§ **EXERCISE DESCRIPTION**: When you output the records, match them exactly and omit any picture they include.

:: RECORD EXCERPTS

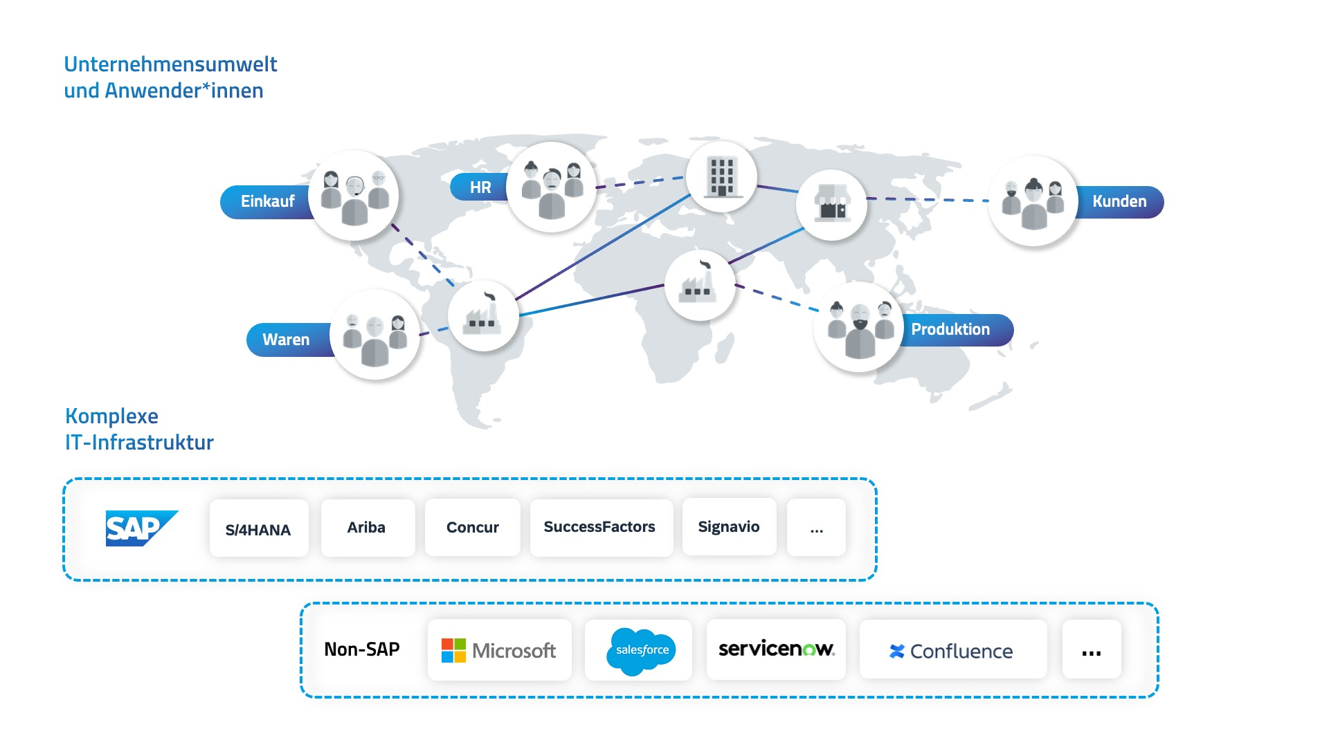 Ein klassisches Problem von IT-Landschaften und Geschäftsprozessen sind die sogenannten Silos oder Insellösungen. Diese Einzellösungen decken meistens nur einzelne oder einige wenige Anwendungsszenarien ab und stellen ein in sich geschlossenes System mit einer individuellen, proprietären Bedienoberfläche für die Mitarbeiter*innen dar. Bei SAP-Kunden sind diese Systemlandschaften oftmals historisch gewachsen: Angefangen haben die meisten vor vielen Jahren mit einem SAP-R/3-System, das sich über SAP ECC hin zu einem SAP-S/4HANA-System entwickelt hat. Hinzu kommen vielfältige Kombinationen weiterer SAP- und Non-SAP-Systeme: Es wurde vielleicht ein CRM-System eingeführt, eine HR-Lösung, Software für das Supply Chain Management, gegebenenfalls ein SRM-System, eine Data-Analytics- bzw. Business- Intelligence-Software, ein Digital-Asset-Management-System, Projektmanagementtools, Collaboration Software, und vieles mehr. All diese Geschäftsanwendungen kommen nebeneinander zum Einsatz und bestehende On-Premise-Systeme werden immer häufiger durch modernere, cloudbasierte Anwendungen abgelöst, sodass in den Unternehmen hybride Systemlandschaften betrieben werden, was grundsätzlich verschiedene Wartungsmodelle und Upgrade-Zyklen bedeutet. Die Mitarbeitenden in den Unternehmen, die oftmals an weltweit verteilten Standorten tätig sind, werden täglich mit all diesen Geschäftsanwendungen konfrontiert und müssen sich mit den verschiedenen Bedienoberflächen der Lösungen auseinandersetzen. Hier kann man schnell den Überblick verlieren, wie die nachfolgende Abbildung anschaulich darstellt.
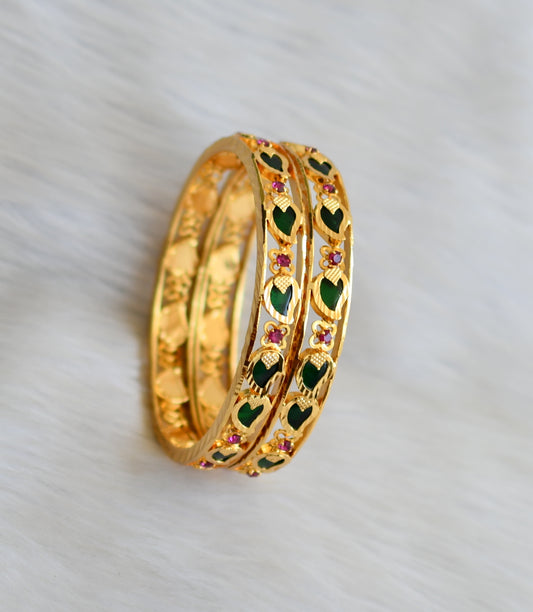 Gold tone Kerala style pink-green mango bangles(2.10) dj-25729
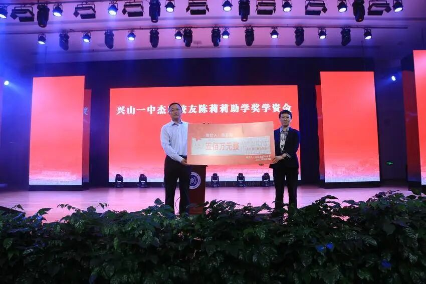 6月3日,兴山一中杰出校友陈莉莉为母校捐赠500万元助学奖学金,帮助和激励困难学生勤奋学习。
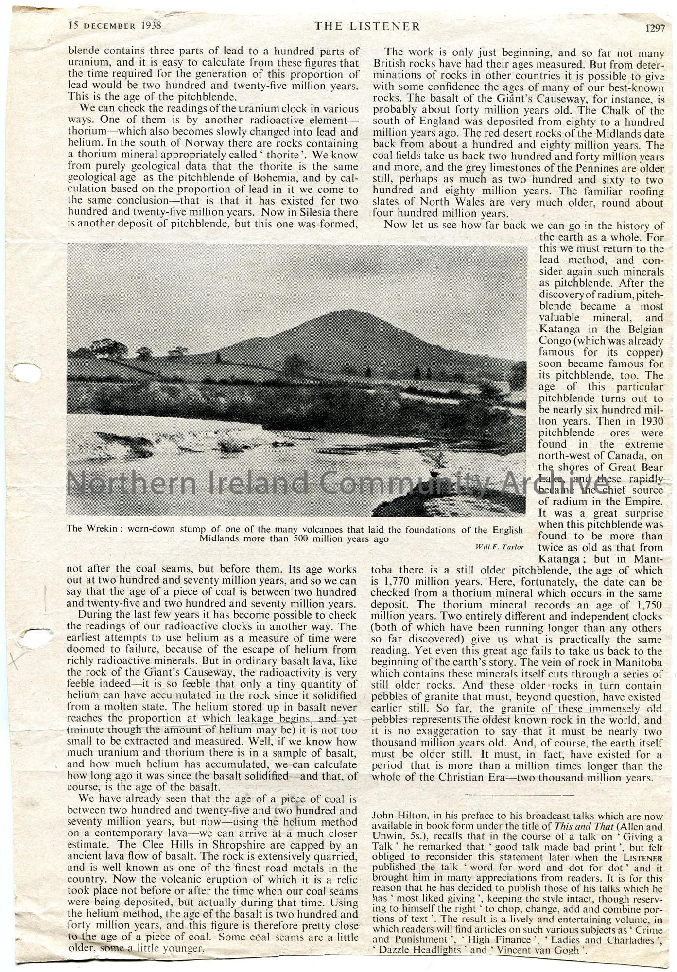 Page cut from 'The Listener' publication (double sided) featuring an article which mentions the Giant's Causeway. Dated 15th December 1938.
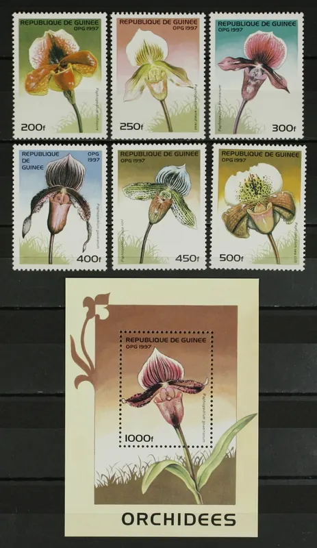 Republiek Guinee 1997, Michel 1624-1630, Orchideeën, complete postfrisse serie incl. blok / MNH
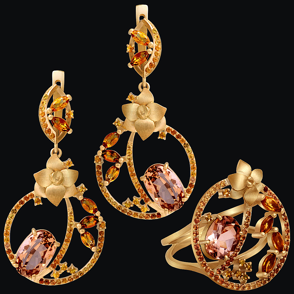 Золото(585), топазы, цитрины, сапфиры.
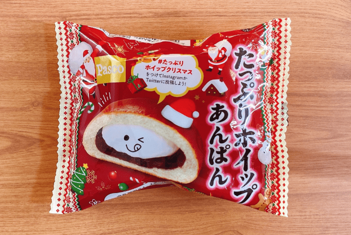 パッケージは、クリスマス限定パッケージ。サンタクロースがいるし、あんぱんはサンタの帽子をかぶっています。クリスマス感いっぱいですね。陳列棚でも一際目立ちます。
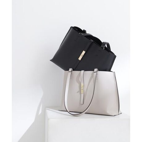 ※0175281700【エブリデイラージトートバッグ】の同型商品となります。ページ下部関連商品よりご確認いただけます。デイリー使いにおすすめの便利なトートバッグは、メタルを効かせたナローベルトがポイント。オフィスへの通勤に頼れる大容量で、14インチのノートパソコンやA4サイズの書類が横ですっぽり入るサイズ感。中は真ん中のファスナー収納を仕切りに3部屋に分けた、実用的なマチ幅もしっかりあるデザインで、中央にはお弁当箱も入る優れものです。表裏Wフェイスのフェイクレザーで仕上げているので軽量&程よいハリ感もあり、少ない荷物でもしっかり自立します。ハンドル部分はアウター着用時でも小脇におさまるショルダーの長さで、ハンドル付け根から外側に倒れるよう可動域をもたせているので、荷物の出し入れがスムーズ♪シーズンレスで活躍するカラー展開です。※モデルの着用画像の場合、光の当たり具合により、実際の色味と異なって見えることがございます。色味は、商品単体の画像をご参照ください。
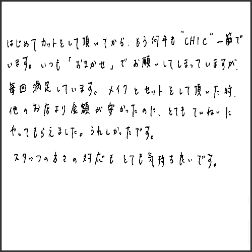 はじめてカットをして頂いてから、もう何年もCHIC一筋でいます。いつも「おまかせ」でお願いしてしまっていますが、毎回満足しています。メイクとセットをして頂いた時、他のお店より金額が安かったので、とても丁寧にやってもらえました。嬉しかったです。スタッフの方々の対応もとても気持ち良かったです。
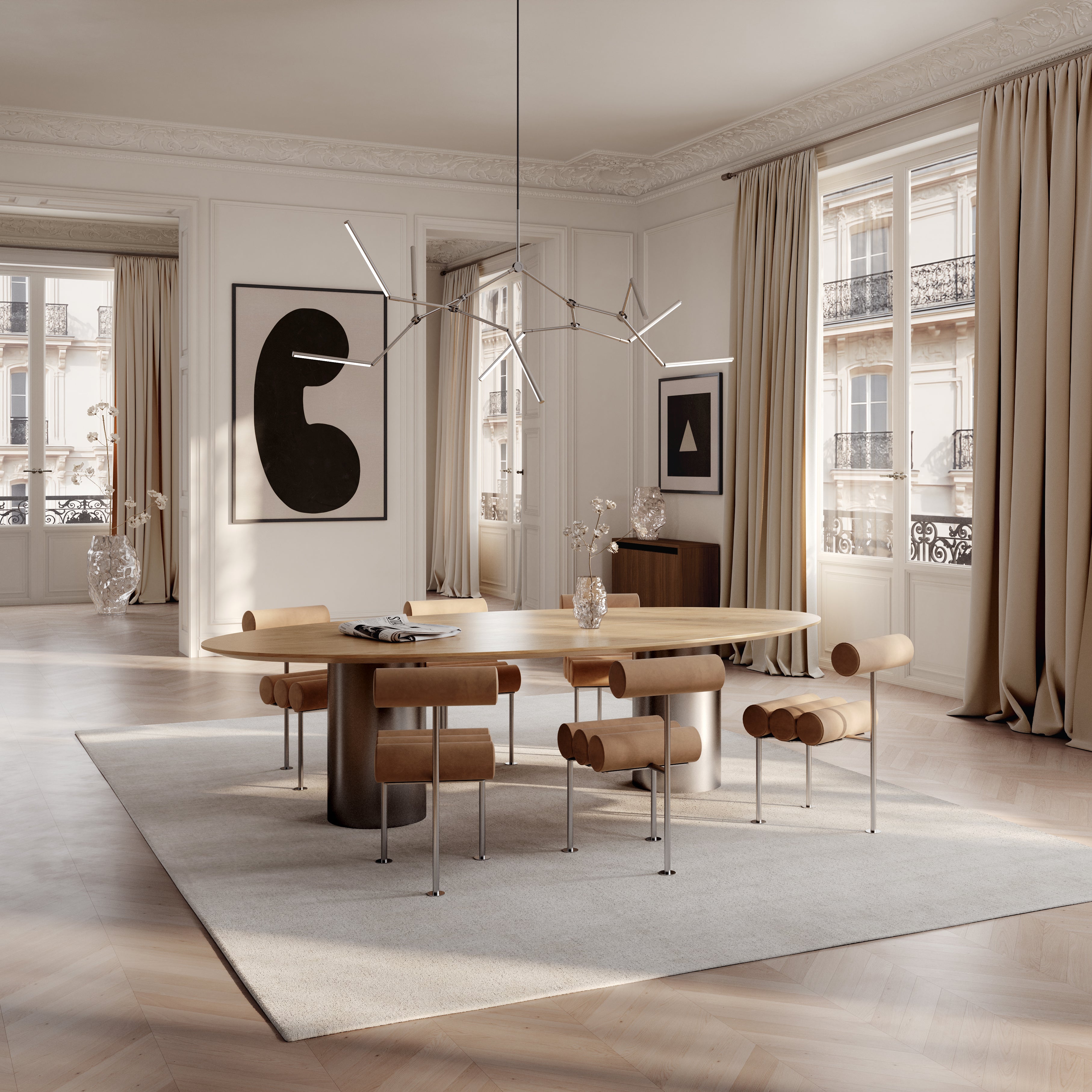 The chandelier Stick references the aesthetics of the 80s, yet instead of cold geometry, it offers a thoughtful, warm version of modernism. With the ability to position eight arms in various directions, the chandelier allows for the creation of individual compositions – from calm, harmonious lines to expressive, asymmetrical arrangements. It is perfect above a large table, as well as in a spacious living room or hallway, where the light not only brightens the space but also sets the mood and tells a story about style and form.
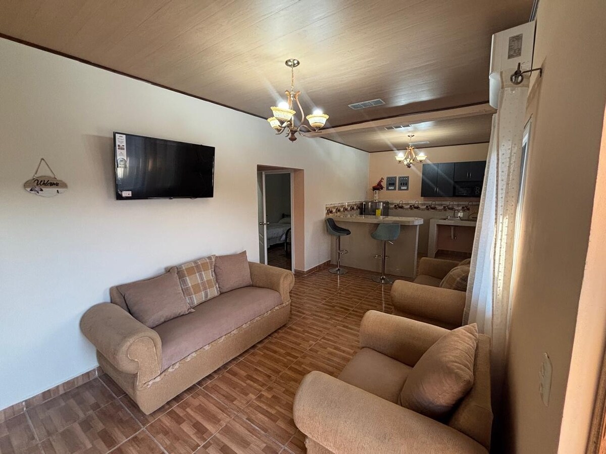 Teljesen új, otthonos és modern társasházi lakások. Teljesen felszerelt a vállalkozásodhoz vagy családi tartózkodásodhoz, felszerelt konyhával, meleg vízzel, légkondicionálóval, mennyezeti ventilátorral és bano kényelmi szolgáltatásokkal rendelkezik. Két hálószobával rendelkezik, amelyekben három ember fér el, a nappaliban pedig egy kanapéágy található. Mosókonyha, biztonságos és ingyenes parkolás. Éjjel-nappali megfigyelő kamerarendszerrel, elektromos kerítéssel és automatikus kapuval is rendelkezik.

::::

§ **EXPECTED ANSWER**:
 Ein klassisches Problem von IT-Landschaften und Geschäftsprozessen sind die sogenannten Silos oder Insellösungen. Diese Einzellösungen decken meistens nur einzelne oder einige wenige Anwendungsszenarien ab und stellen ein in sich geschlossenes System mit einer individuellen, proprietären Bedienoberfläche für die Mitarbeiter*innen dar. Bei SAP-Kunden sind diese Systemlandschaften oftmals historisch gewachsen: Angefangen haben die meisten vor vielen Jahren mit einem SAP-R/3-System, das sich über SAP ECC hin zu einem SAP-S/4HANA-System entwickelt hat. Hinzu kommen vielfältige Kombinationen weiterer SAP- und Non-SAP-Systeme: Es wurde vielleicht ein CRM-System eingeführt, eine HR-Lösung, Software für das Supply Chain Management, gegebenenfalls ein SRM-System, eine Data-Analytics- bzw. Business- Intelligence-Software, ein Digital-Asset-Management-System, Projektmanagementtools, Collaboration Software, und vieles mehr. All diese Geschäftsanwendungen kommen nebeneinander zum Einsatz und bestehende On-Premise-Systeme werden immer häufiger durch modernere, cloudbasierte Anwendungen abgelöst, sodass in den Unternehmen hybride Systemlandschaften betrieben werden, was grundsätzlich verschiedene Wartungsmodelle und Upgrade-Zyklen bedeutet. Die Mitarbeitenden in den Unternehmen, die oftmals an weltweit verteilten Standorten tätig sind, werden täglich mit all diesen Geschäftsanwendungen konfrontiert und müssen sich mit den verschiedenen Bedienoberflächen der Lösungen auseinandersetzen. Hier kann man schnell den Überblick verlieren, wie die nachfolgende Abbildung anschaulich darstellt.
 Gold tone Kerala style pink-green mango bangles(2.10) dj-25729
 6月3日,兴山一中杰出校友陈莉莉为母校捐赠500万元助学奖学金,帮助和激励困难学生勤奋学习。
 Page cut from 'The Listener' publication (double sided) featuring an article which mentions the Giant's Causeway. Dated 15th December 1938.
 Republiek Guinee 1997, Michel 1624-1630, Orchideeën, complete postfrisse serie incl. blok / MNH
 Золото(585), топазы, цитрины, сапфиры.
 パッケージは、クリスマス限定パッケージ。サンタクロースがいるし、あんぱんはサンタの帽子をかぶっています。クリスマス感いっぱいですね。陳列棚でも一際目立ちます。
 ※0175281700【エブリデイラージトートバッグ】の同型商品となります。ページ下部関連商品よりご確認いただけます。デイリー使いにおすすめの便利なトートバッグは、メタルを効かせたナローベルトがポイント。オフィスへの通勤に頼れる大容量で、14インチのノートパソコンやA4サイズの書類が横ですっぽり入るサイズ感。中は真ん中のファスナー収納を仕切りに3部屋に分けた、実用的なマチ幅もしっかりあるデザインで、中央にはお弁当箱も入る優れものです。表裏Wフェイスのフェイクレザーで仕上げているので軽量&程よいハリ感もあり、少ない荷物でもしっかり自立します。ハンドル部分はアウター着用時でも小脇におさまるショルダーの長さで、ハンドル付け根から外側に倒れるよう可動域をもたせているので、荷物の出し入れがスムーズ♪シーズンレスで活躍するカラー展開です。※モデルの着用画像の場合、光の当たり具合により、実際の色味と異なって見えることがございます。色味は、商品単体の画像をご参照ください。
 はじめてカットをして頂いてから、もう何年もCHIC一筋でいます。いつも「おまかせ」でお願いしてしまっていますが、毎回満足しています。メイクとセットをして頂いた時、他のお店より金額が安かったので、とても丁寧にやってもらえました。嬉しかったです。スタッフの方々の対応もとても気持ち良かったです。
 The chandelier Stick references the aesthetics of the 80s, yet instead of cold geometry, it offers a thoughtful, warm version of modernism. With the ability to position eight arms in various directions, the chandelier allows for the creation of individual compositions – from calm, harmonious lines to expressive, asymmetrical arrangements. It is perfect above a large table, as well as in a spacious living room or hallway, where the light not only brightens the space but also sets the mood and tells a story about style and form.
 Teljesen új, otthonos és modern társasházi lakások. Teljesen felszerelt a vállalkozásodhoz vagy családi tartózkodásodhoz, felszerelt konyhával, meleg vízzel, légkondicionálóval, mennyezeti ventilátorral és bano kényelmi szolgáltatásokkal rendelkezik. Két hálószobával rendelkezik, amelyekben három ember fér el, a nappaliban pedig egy kanapéágy található. Mosókonyha, biztonságos és ingyenes parkolás. Éjjel-nappali megfigyelő kamerarendszerrel, elektromos kerítéssel és automatikus kapuval is rendelkezik.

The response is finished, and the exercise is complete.